Если вы полагает, что цитирование Смердякова — лицемерный прием и так нельзя, я вас разочарую.
Смердяков национал-демократами полностью реабилитирован идеологом национал-деморатов А. Широпаевым:
«…Мысль Смердякова по своей сути очень не глупа. «Совсем даже были бы другие порядки…» — а почему бы и нет? Взять хотя бы знаменитый «Кодекс Наполеона». Он сметал остатки феодализма и утверждал равенство всех перед законом, главенство права и принцип частной собственности. «Кодекс Наполеона» оказал огромное влияние на дальнейшее правовое становление всей Европы. Не стоит и говорить о том, насколько он отличался от порядков феодально-крепостнической России.

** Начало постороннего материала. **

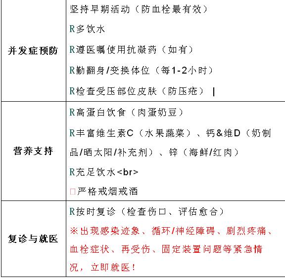 骨折術后拆線前的階段(通常為術后7-14天)是傷口愈合和早期穩定的關鍵時期,特別是未拆線出院的患者做好自我防護至關重要,能有效預防感染、促進愈合、避免并發癥。以下是詳細的自我防護清單:
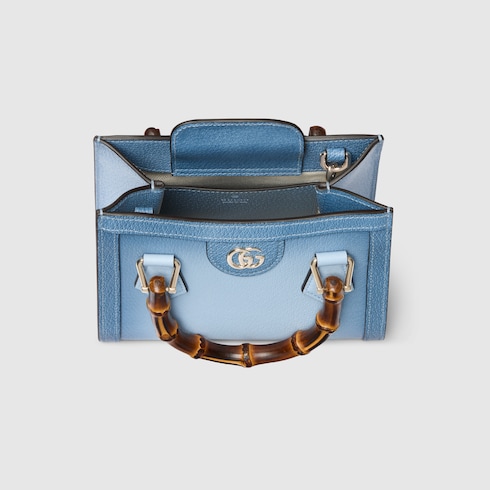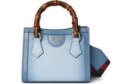 In the Pre-Fall 2025 collection, Gucci Diana, one of the House's signature collections, is introduced in gradient colored grainy leather, complete with its bamboo handle. The tote bag style can also be worn crossbody or over the shoulder.
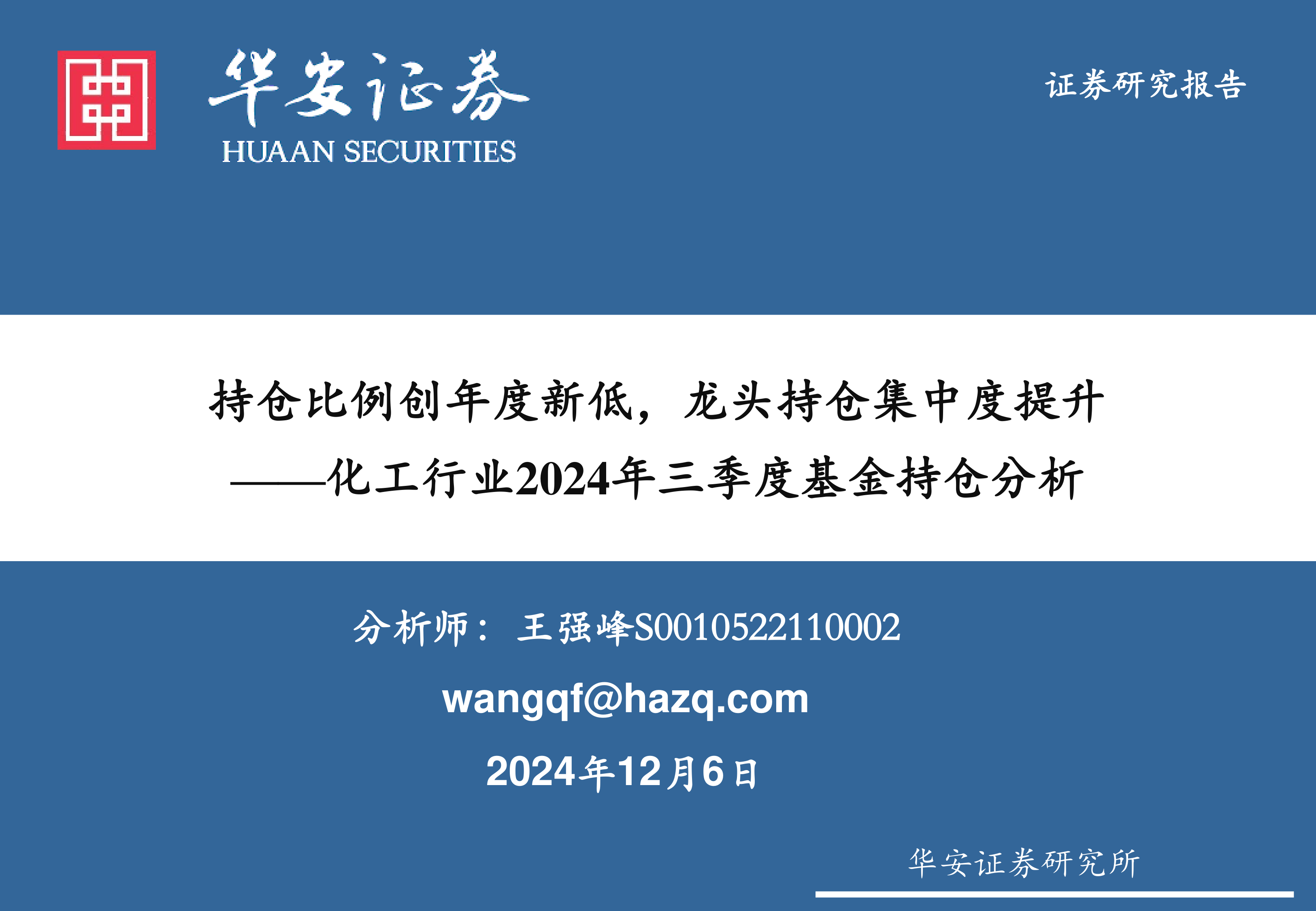 化工行业2024年三季度基金持仓分析:持仓比例创年度新低,龙头持仓集中度提升升析

…Смердяков — вот самый интересный и непонятый брат Карамазов. И самый умный, самый глубокий, в чем-то наиболее близкий к народу. Он наиболее смело и интересно заявил тему о России. Независимо от воли автора, он взломал лед ментальных табу. Одной своей фразой он вышел за пределы сусальной «русскости», «православия», «родины», России. Он освободился от России как фетиша, взглянув на нее с точки зрения здравого смысла и нормальных человеческих интересов».
А русский народ упрямо и настойчиво отказывался от всех этих бонусов и шел на поводу у российских властей. Почему? Почему же русские действуют против своих интересов?
К этому вопросу всегда рано или поздно приходит любой последовательный «евроинтегратор».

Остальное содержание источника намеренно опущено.